## Task details
Set out the records below again exactly; skip the images.
START Data to examine
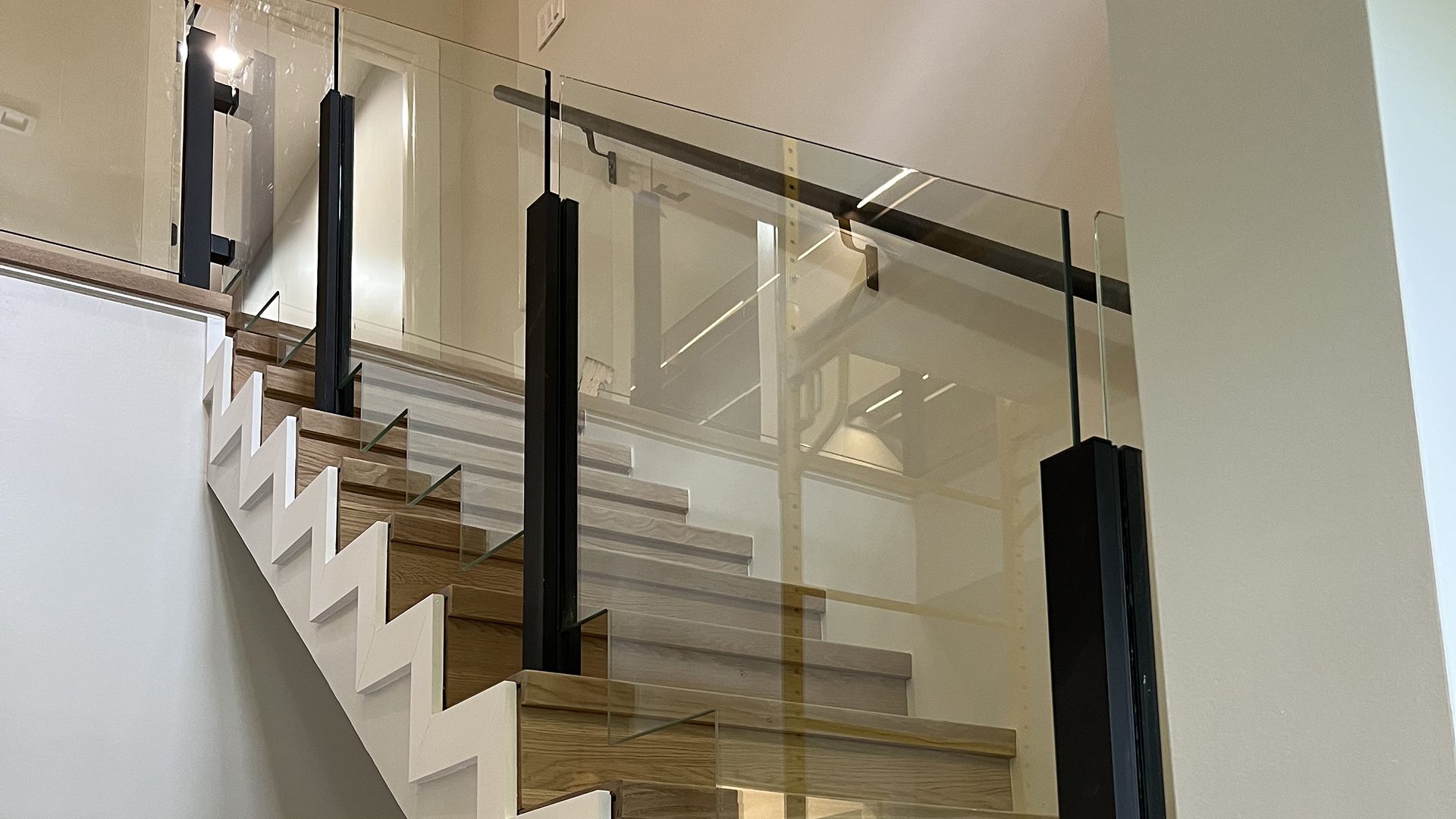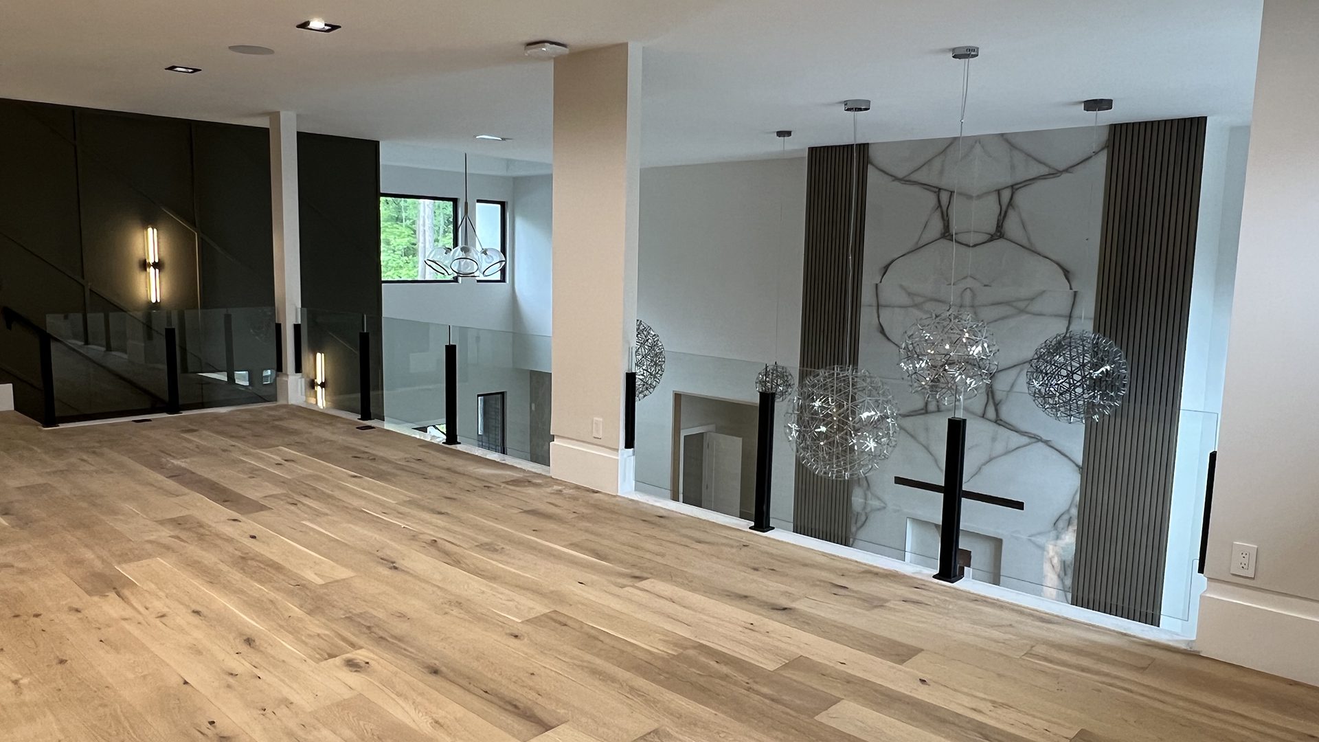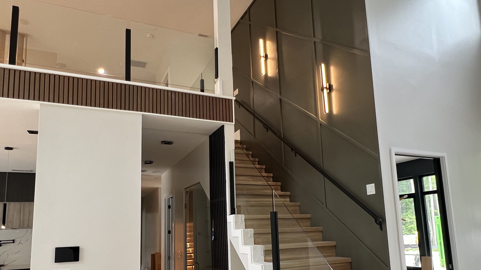 This celebrity home outside Atlanta epitomizes luxury and innovation with its stunning interior railing system. Featuring the “The Standard” System, this project integrates wall-mounted posts and stair-stepped glass panels that create a dramatic, eye-catching effect throughout the home. The railings are perfectly tailored to complement the sleek, modern design of the interior, with 36″ tall glass providing both safety and an unobstructed view of the expansive space. Notably, this project also includes Falcon Railings’ first-ever two-story glass railing, which adds a touch of architectural brilliance to the home’s custom-designed closet. Every detail, from the high-quality materials to the expert craftsmanship, reflects the homeowner’s commitment to style and sophistication.
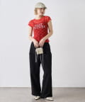 ・フロッキー素材の赤ロゴがワンポイントでトレンド感のあるアイテム。
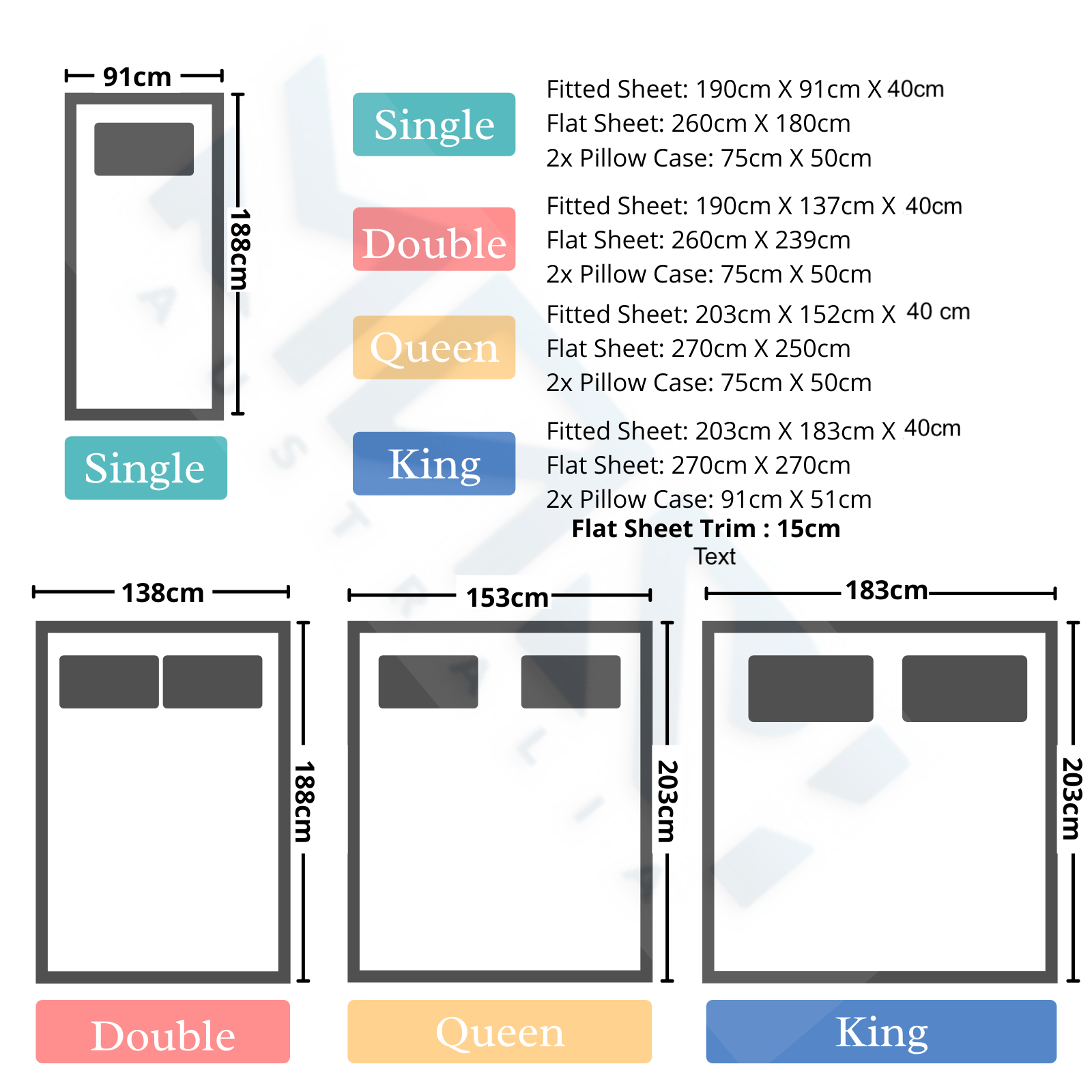 | Set | 1 x Flat sheet 1 x fitted sheet 2 Pillow Covers | ||
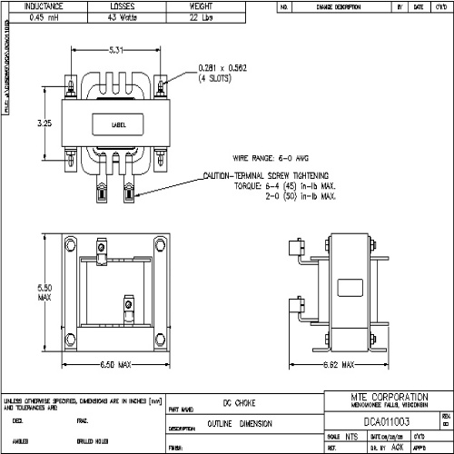 MTE DCA011003 Series A DC Link Choke - 1000 Volt (DC), 0.45mH, 110 Amp, Open
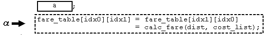 〔プログラムの説明〕 関数 make_fare_table は,ある鉄道路線における始発駅から終着駅までの隣接駅間の 距離から,その鉄道路線上の全駅間の運賃を求め,運賃表を作成するプログラムである。 (1) 関数 make_fare_table の引数は,次のとおりである。 num 始発駅から終着駅までの駅数
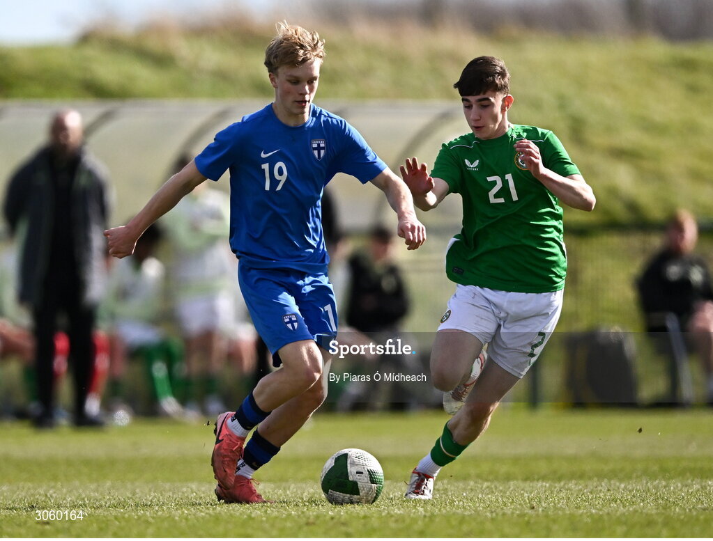 28 February 2025; Rasmus Mendolin of Finland in action against Kian Quigley of Republic of Ireland during the U16 Boys International Friendly match between Repubic of Ireland and Finland at the FAI National Training Centre in Abbotstown, Dublin. Photo by Piaras Ó Mídheach/Sportsfile
END Data to examine
## Response below
 This celebrity home outside Atlanta epitomizes luxury and innovation with its stunning interior railing system. Featuring the “The Standard” System, this project integrates wall-mounted posts and stair-stepped glass panels that create a dramatic, eye-catching effect throughout the home. The railings are perfectly tailored to complement the sleek, modern design of the interior, with 36″ tall glass providing both safety and an unobstructed view of the expansive space. Notably, this project also includes Falcon Railings’ first-ever two-story glass railing, which adds a touch of architectural brilliance to the home’s custom-designed closet. Every detail, from the high-quality materials to the expert craftsmanship, reflects the homeowner’s commitment to style and sophistication.
 ・フロッキー素材の赤ロゴがワンポイントでトレンド感のあるアイテム。
 | Set | 1 x Flat sheet 1 x fitted sheet 2 Pillow Covers | ||
 MTE DCA011003 Series A DC Link Choke - 1000 Volt (DC), 0.45mH, 110 Amp, Open
 〔プログラムの説明〕 関数 make_fare_table は,ある鉄道路線における始発駅から終着駅までの隣接駅間の 距離から,その鉄道路線上の全駅間の運賃を求め,運賃表を作成するプログラムである。 (1) 関数 make_fare_table の引数は,次のとおりである。 num 始発駅から終着駅までの駅数
 28 February 2025; Rasmus Mendolin of Finland in action against Kian Quigley of Republic of Ireland during the U16 Boys International Friendly match between Repubic of Ireland and Finland at the FAI National Training Centre in Abbotstown, Dublin. Photo by Piaras Ó Mídheach/Sportsfile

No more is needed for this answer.